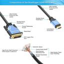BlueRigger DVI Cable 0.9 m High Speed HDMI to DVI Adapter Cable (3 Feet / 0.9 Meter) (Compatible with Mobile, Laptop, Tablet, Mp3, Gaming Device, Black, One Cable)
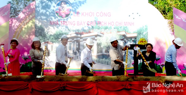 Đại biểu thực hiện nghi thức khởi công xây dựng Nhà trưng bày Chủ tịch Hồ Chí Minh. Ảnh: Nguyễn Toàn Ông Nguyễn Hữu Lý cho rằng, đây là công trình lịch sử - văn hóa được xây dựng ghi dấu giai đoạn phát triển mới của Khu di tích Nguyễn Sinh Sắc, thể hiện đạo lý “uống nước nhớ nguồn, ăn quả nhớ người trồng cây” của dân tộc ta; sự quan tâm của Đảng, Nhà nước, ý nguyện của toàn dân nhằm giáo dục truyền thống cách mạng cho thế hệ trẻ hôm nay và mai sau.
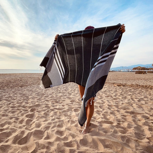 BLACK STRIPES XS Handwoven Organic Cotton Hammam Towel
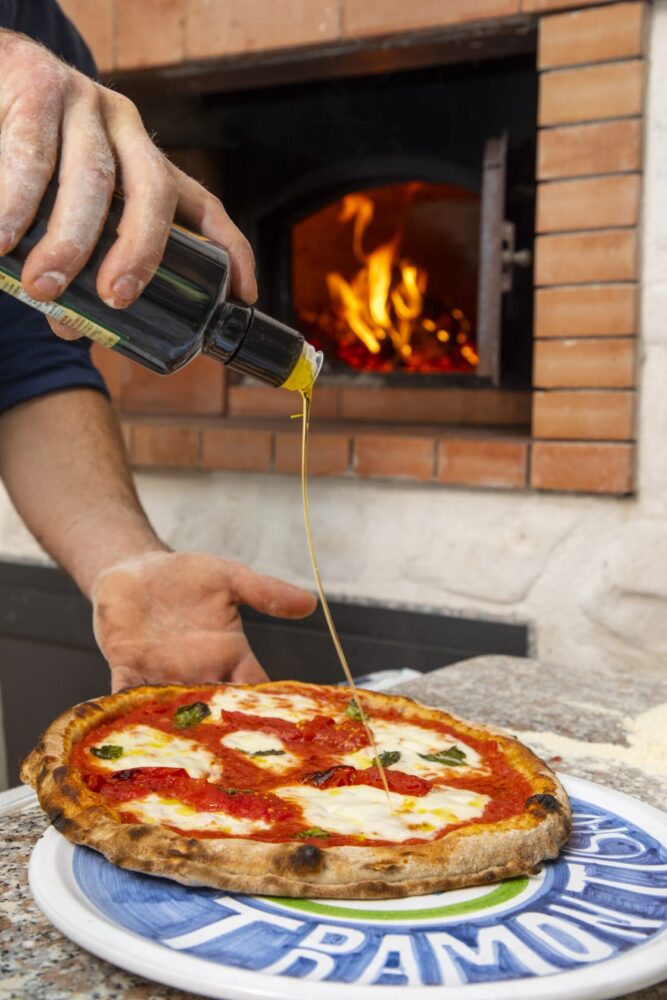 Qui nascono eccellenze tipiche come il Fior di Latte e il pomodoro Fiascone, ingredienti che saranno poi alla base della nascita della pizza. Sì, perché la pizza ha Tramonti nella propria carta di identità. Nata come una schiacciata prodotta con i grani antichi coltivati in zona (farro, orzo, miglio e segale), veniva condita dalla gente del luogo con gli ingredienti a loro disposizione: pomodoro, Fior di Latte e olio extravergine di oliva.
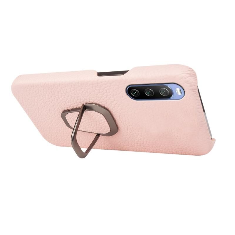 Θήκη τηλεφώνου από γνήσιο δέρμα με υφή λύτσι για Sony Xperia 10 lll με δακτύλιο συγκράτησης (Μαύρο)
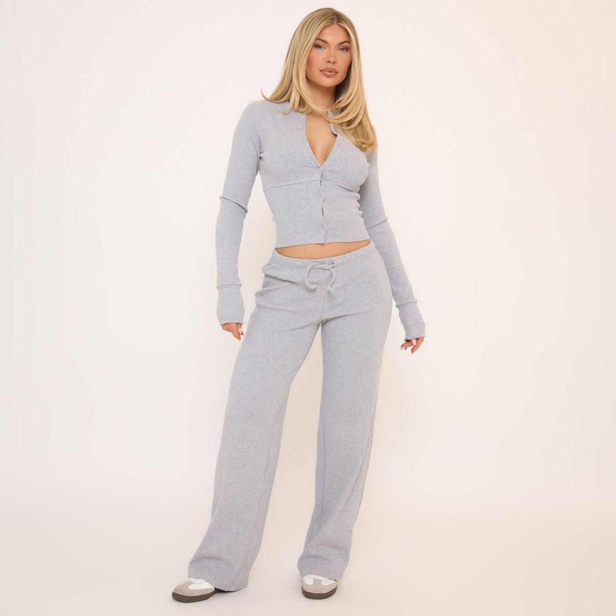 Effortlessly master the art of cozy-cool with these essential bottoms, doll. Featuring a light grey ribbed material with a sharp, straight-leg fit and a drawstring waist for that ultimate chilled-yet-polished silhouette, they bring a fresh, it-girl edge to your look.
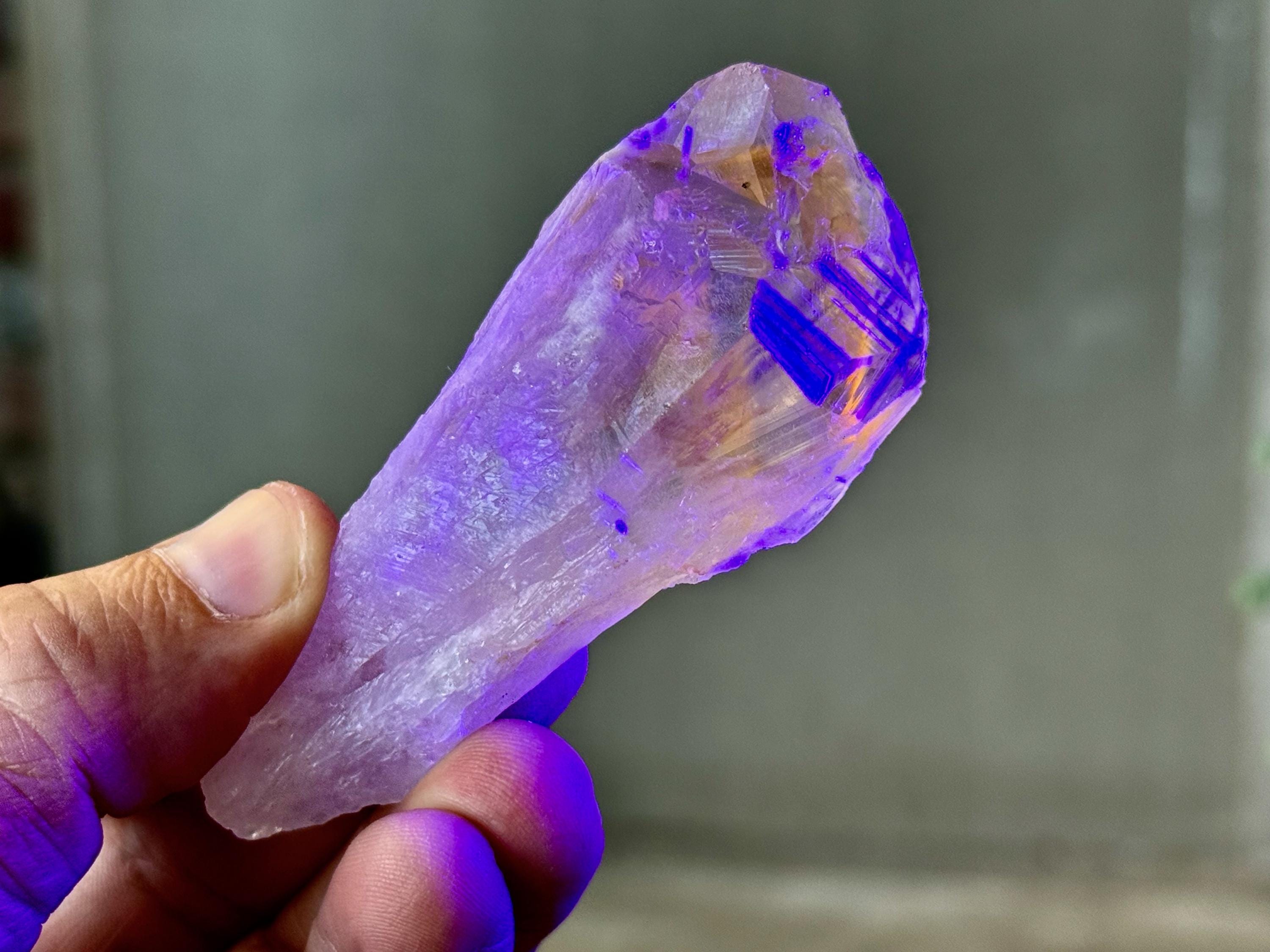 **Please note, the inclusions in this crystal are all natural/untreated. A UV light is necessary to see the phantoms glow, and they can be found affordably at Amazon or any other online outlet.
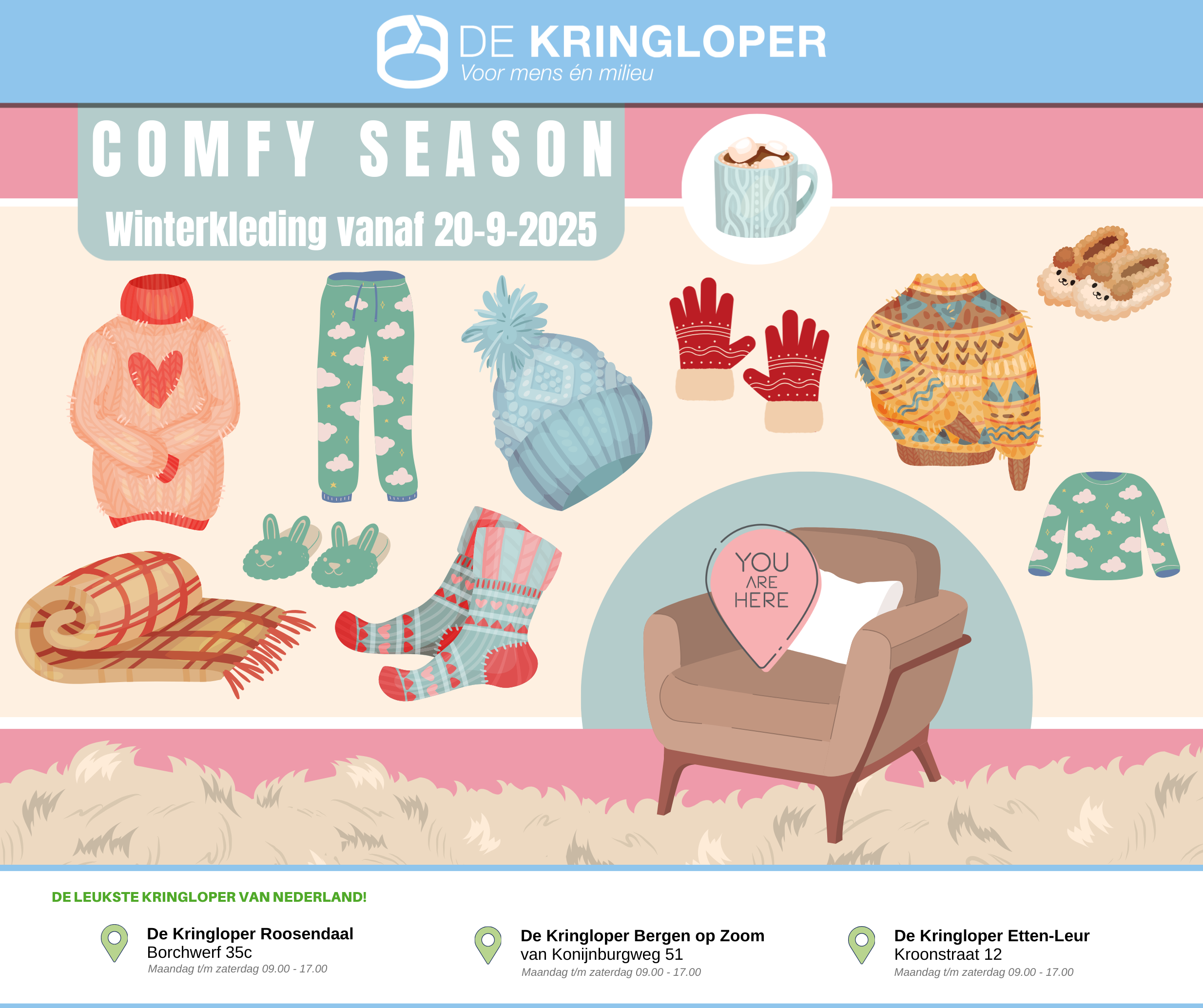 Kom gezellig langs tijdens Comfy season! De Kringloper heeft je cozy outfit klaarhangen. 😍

* * * * * * * * *

▸ **TRY IT**: Each record above should be repeated exactly, please, without pictures.

▸ **RESULT BELOW**:
BlueRigger DVI Cable 0.9 m High Speed HDMI to DVI Adapter Cable (3 Feet / 0.9 Meter) (Compatible with Mobile, Laptop, Tablet, Mp3, Gaming Device, Black, One Cable)
 Đại biểu thực hiện nghi thức khởi công xây dựng Nhà trưng bày Chủ tịch Hồ Chí Minh. Ảnh: Nguyễn Toàn Ông Nguyễn Hữu Lý cho rằng, đây là công trình lịch sử - văn hóa được xây dựng ghi dấu giai đoạn phát triển mới của Khu di tích Nguyễn Sinh Sắc, thể hiện đạo lý “uống nước nhớ nguồn, ăn quả nhớ người trồng cây” của dân tộc ta; sự quan tâm của Đảng, Nhà nước, ý nguyện của toàn dân nhằm giáo dục truyền thống cách mạng cho thế hệ trẻ hôm nay và mai sau.
 BLACK STRIPES XS Handwoven Organic Cotton Hammam Towel
 Qui nascono eccellenze tipiche come il Fior di Latte e il pomodoro Fiascone, ingredienti che saranno poi alla base della nascita della pizza. Sì, perché la pizza ha Tramonti nella propria carta di identità. Nata come una schiacciata prodotta con i grani antichi coltivati in zona (farro, orzo, miglio e segale), veniva condita dalla gente del luogo con gli ingredienti a loro disposizione: pomodoro, Fior di Latte e olio extravergine di oliva.
 Θήκη τηλεφώνου από γνήσιο δέρμα με υφή λύτσι για Sony Xperia 10 lll με δακτύλιο συγκράτησης (Μαύρο)
 Effortlessly master the art of cozy-cool with these essential bottoms, doll. Featuring a light grey ribbed material with a sharp, straight-leg fit and a drawstring waist for that ultimate chilled-yet-polished silhouette, they bring a fresh, it-girl edge to your look.
 **Please note, the inclusions in this crystal are all natural/untreated. A UV light is necessary to see the phantoms glow, and they can be found affordably at Amazon or any other online outlet.
 Kom gezellig langs tijdens Comfy season! De Kringloper heeft je cozy outfit klaarhangen. 😍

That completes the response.